- **Data**
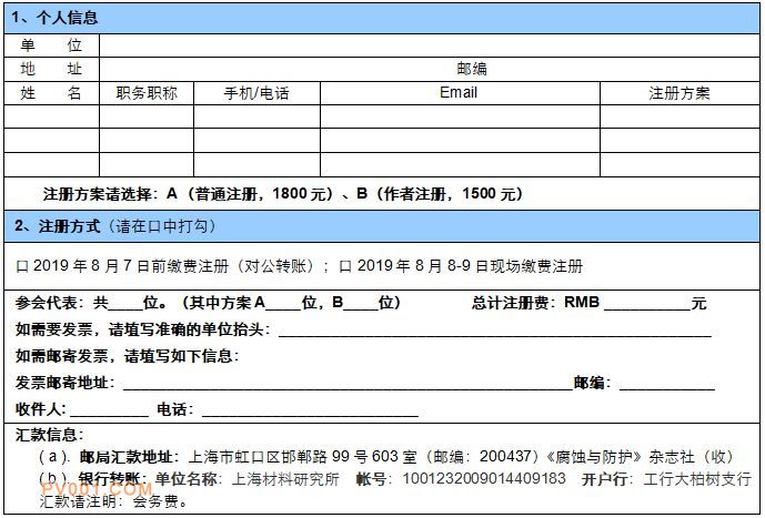 提前注册:请填写回执表,发送至huiyi@mat-test.com或者关注“腐蚀与防护”微信公众号,在线报名
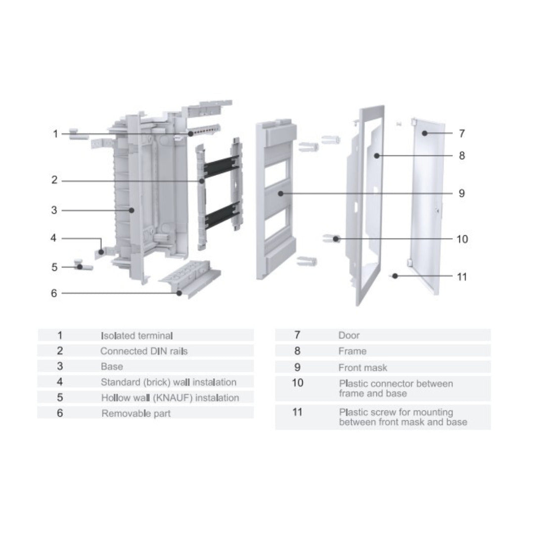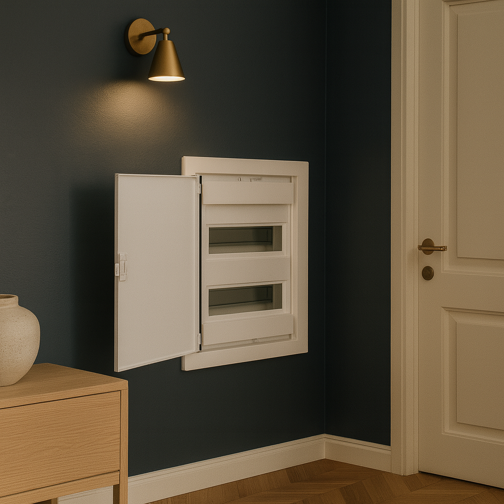 لوحة توزيع ٢٤ خط | آي بي ٤٠، ٦٣ أمبير، ٢٤+٤ موديول، باب معدني أبيض 24-line panel board | IP40, 63 A, 24+4 modules, white metal door
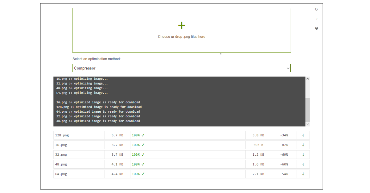 图片上传完毕后,PNG Optimizer 插件将自动对 PNG 图像进行优化,可轻松减少文件体积。优化完毕,直接点击文件列表右侧的绿色下载图标即可快速保存。有了这款实用工具,用户再也不用惧怕一些平台的上传限制了,也无需安装额外的图片处理软件压缩图片。
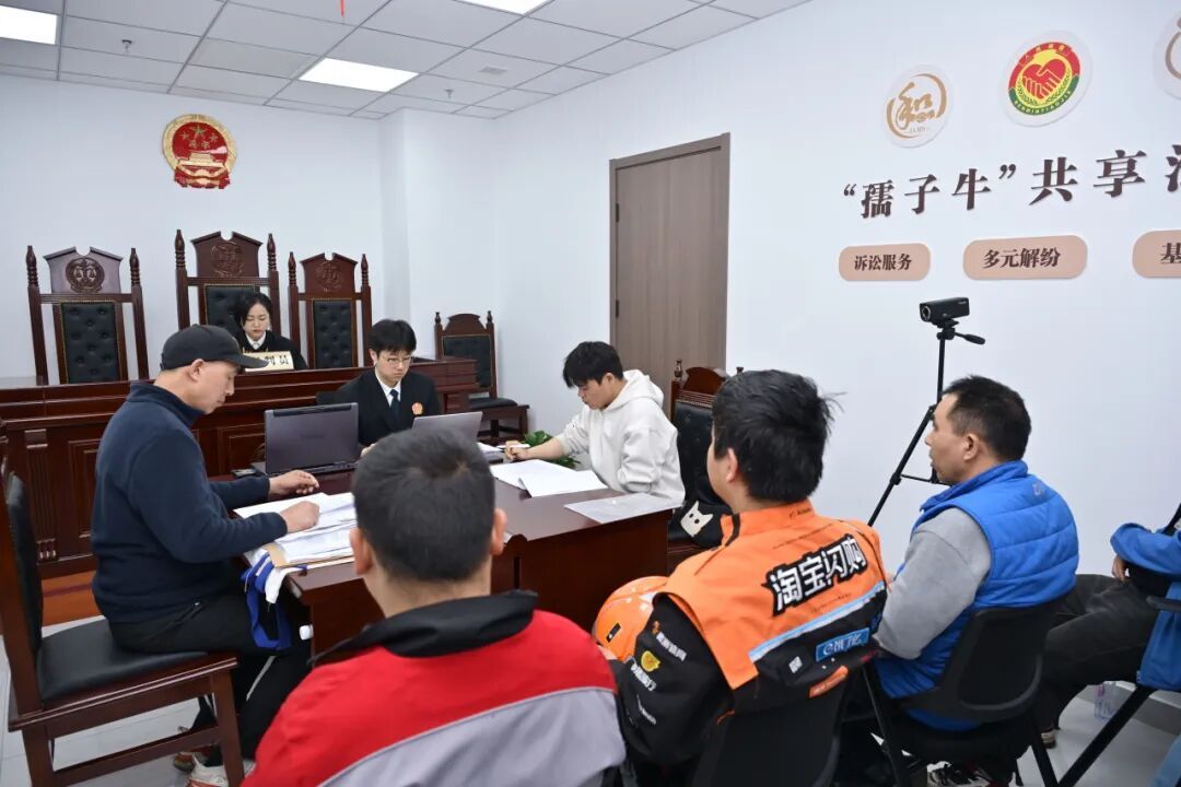 与此同时,一起外卖骑手在执行配送任务时,与行人发生非机动车交通事故后引发的侵权赔偿案件在综治中心社区巡回法庭(孺子牛共享法庭)开庭审理,来自不同站点的快递外卖员们和人民调解员到庭旁听。

- **Required work**
The expected response is every line of the material, written out exactly, with the images removed.

- **Task response**
 提前注册:请填写回执表,发送至huiyi@mat-test.com或者关注“腐蚀与防护”微信公众号,在线报名
 لوحة توزيع ٢٤ خط | آي بي ٤٠، ٦٣ أمبير، ٢٤+٤ موديول، باب معدني أبيض 24-line panel board | IP40, 63 A, 24+4 modules, white metal door
 图片上传完毕后,PNG Optimizer 插件将自动对 PNG 图像进行优化,可轻松减少文件体积。优化完毕,直接点击文件列表右侧的绿色下载图标即可快速保存。有了这款实用工具,用户再也不用惧怕一些平台的上传限制了,也无需安装额外的图片处理软件压缩图片。
 与此同时,一起外卖骑手在执行配送任务时,与行人发生非机动车交通事故后引发的侵权赔偿案件在综治中心社区巡回法庭(孺子牛共享法庭)开庭审理,来自不同站点的快递外卖员们和人民调解员到庭旁听。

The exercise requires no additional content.